Retype the lines below exactly, from the one that contains "顺崇2017冬季新款韩版中长款迷彩棉衣女棉服棉袄厚棉大衣外套" through the last, and leave every picture out.

> DATA SEGMENT
_____
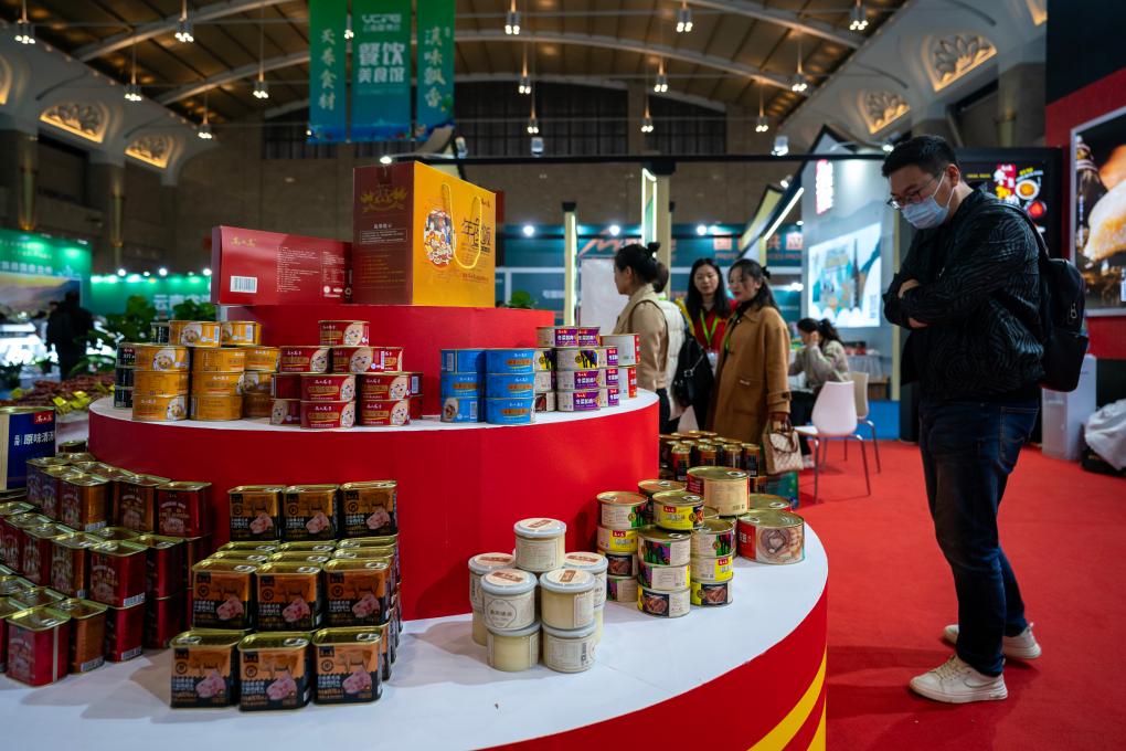 10月13日,參觀者在雲南國際餐飲美食暨預製菜産業博覽會上參觀。
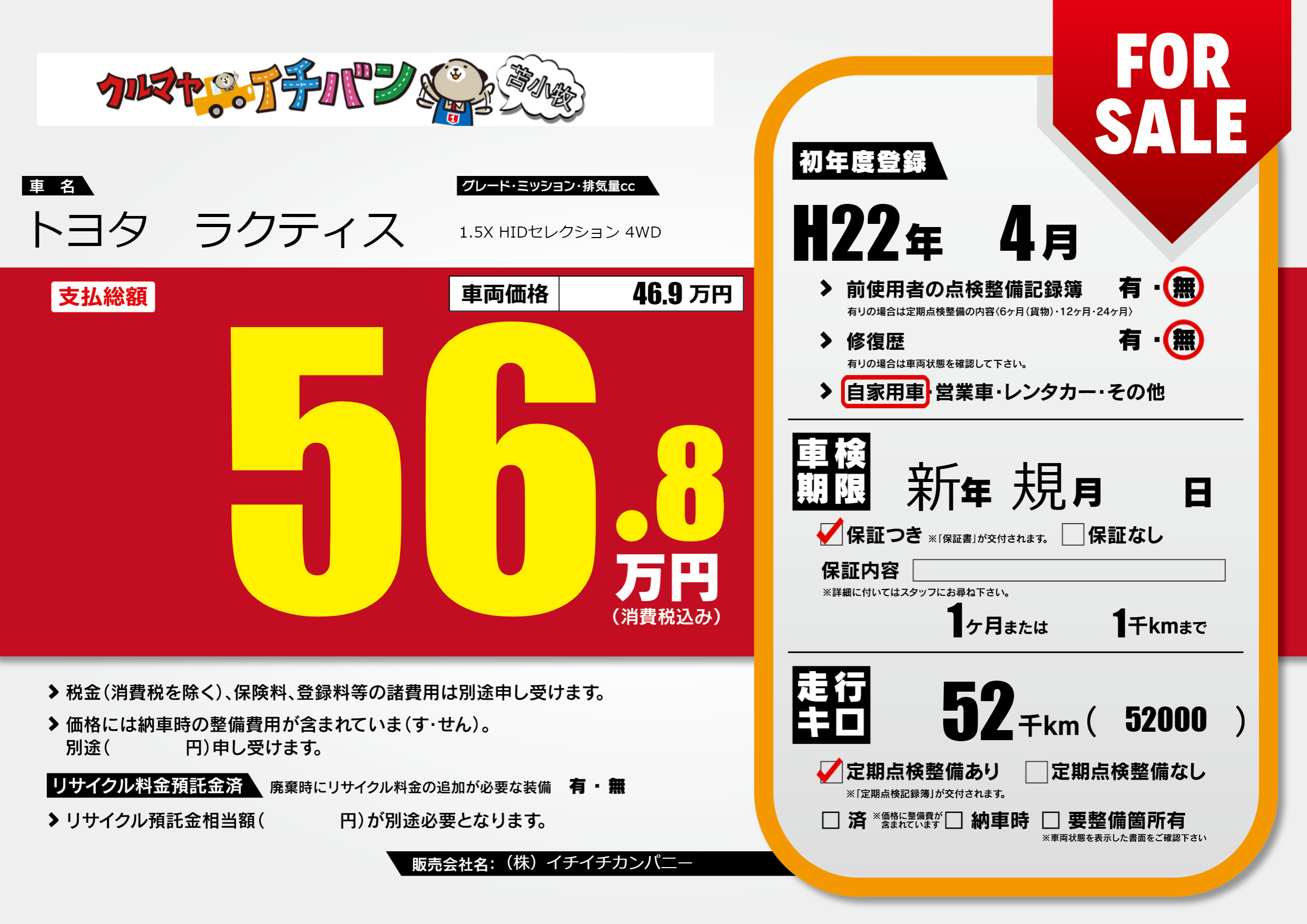 | 車名 | トヨタ ラクティス | グレード ミッション 排気量 |
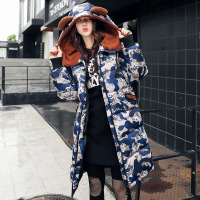 顺崇2017冬季新款韩版中长款迷彩棉衣女棉服棉袄厚棉大衣外套
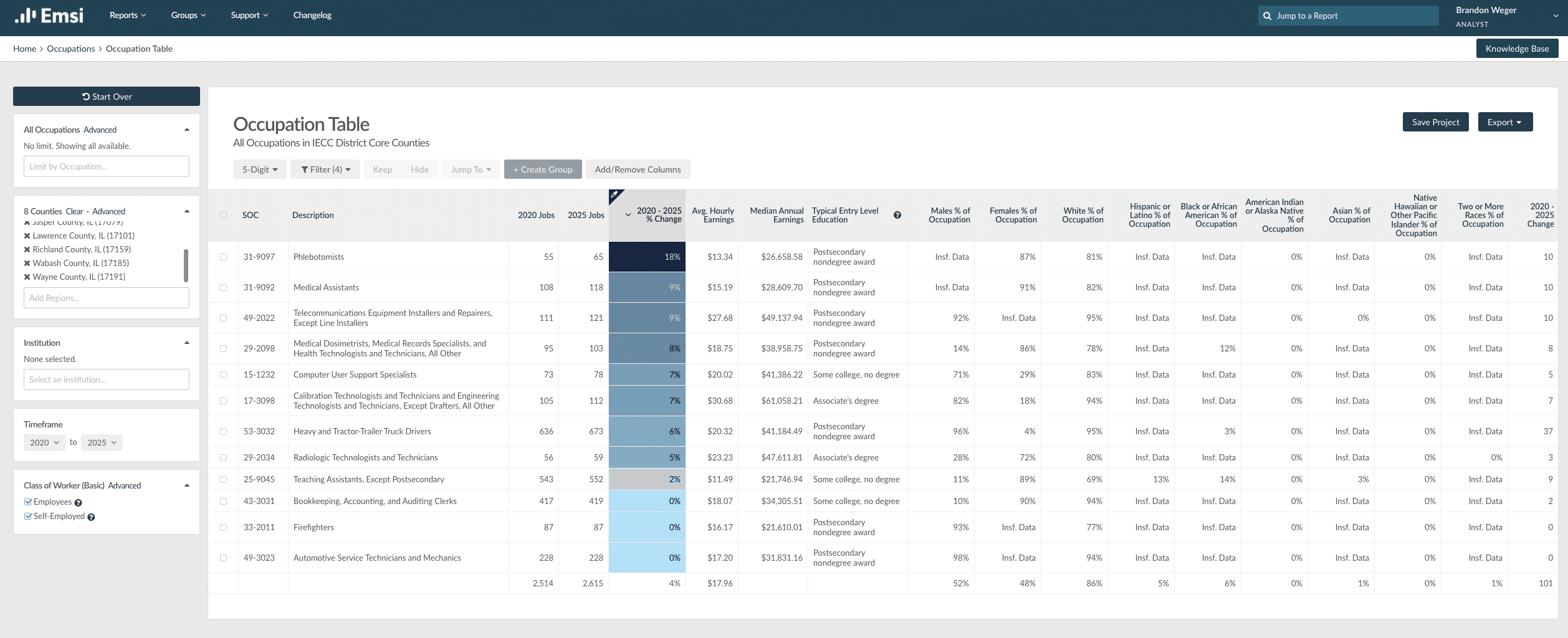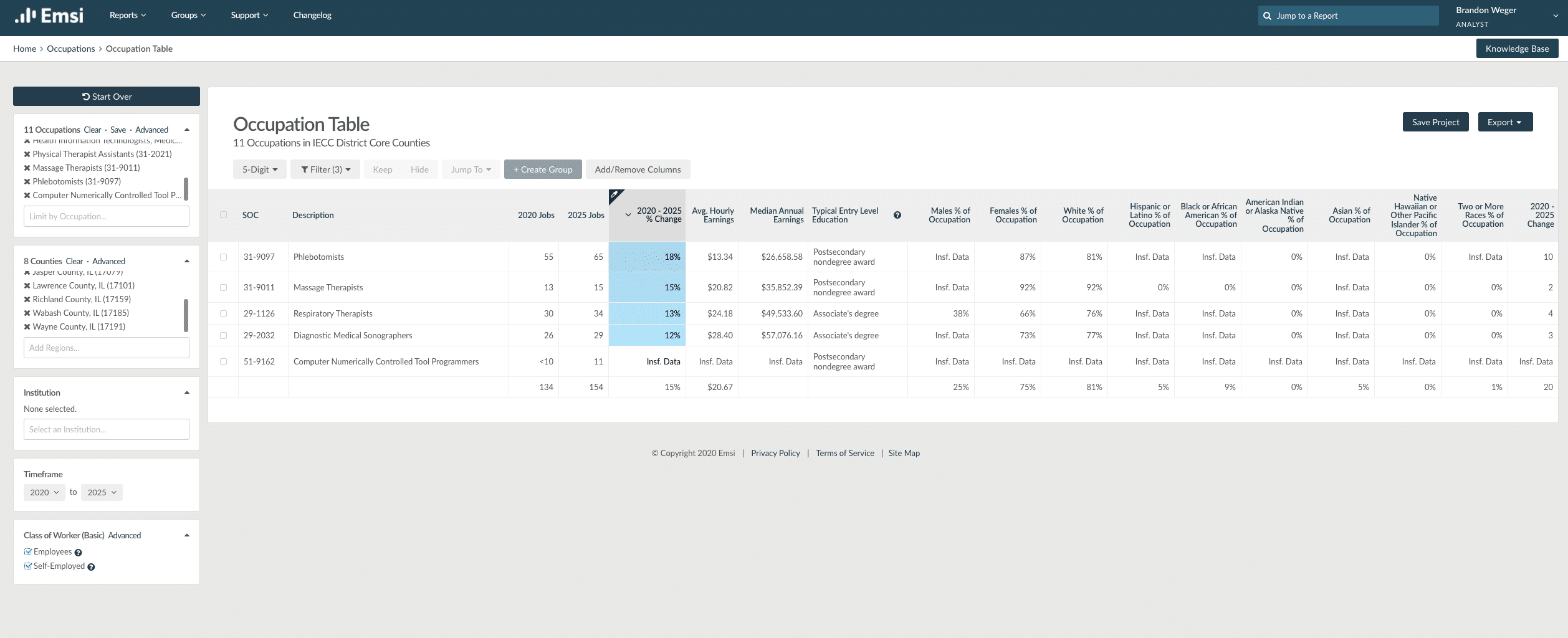 Although Perkins V was the primary motivating factor for Weger to gather data from Analyst, he started looking at broader ways IECC could leverage Analyst to better serve their region. IECC needed to figure out what the region’s growing occupations were compared to emerging occupations in order to best serve those markets, so Weger pulled a couple of occupation reports and saved them as projects within Analyst so he could go back at any time for further analysis. They also needed to determine which markets were forecasted to grow over the next 5 to 10 years, what occupations had experienced long-term growth, and the demographics of each industry.
_____
> REPLY
 顺崇2017冬季新款韩版中长款迷彩棉衣女棉服棉袄厚棉大衣外套
 Although Perkins V was the primary motivating factor for Weger to gather data from Analyst, he started looking at broader ways IECC could leverage Analyst to better serve their region. IECC needed to figure out what the region’s growing occupations were compared to emerging occupations in order to best serve those markets, so Weger pulled a couple of occupation reports and saved them as projects within Analyst so he could go back at any time for further analysis. They also needed to determine which markets were forecasted to grow over the next 5 to 10 years, what occupations had experienced long-term growth, and the demographics of each industry.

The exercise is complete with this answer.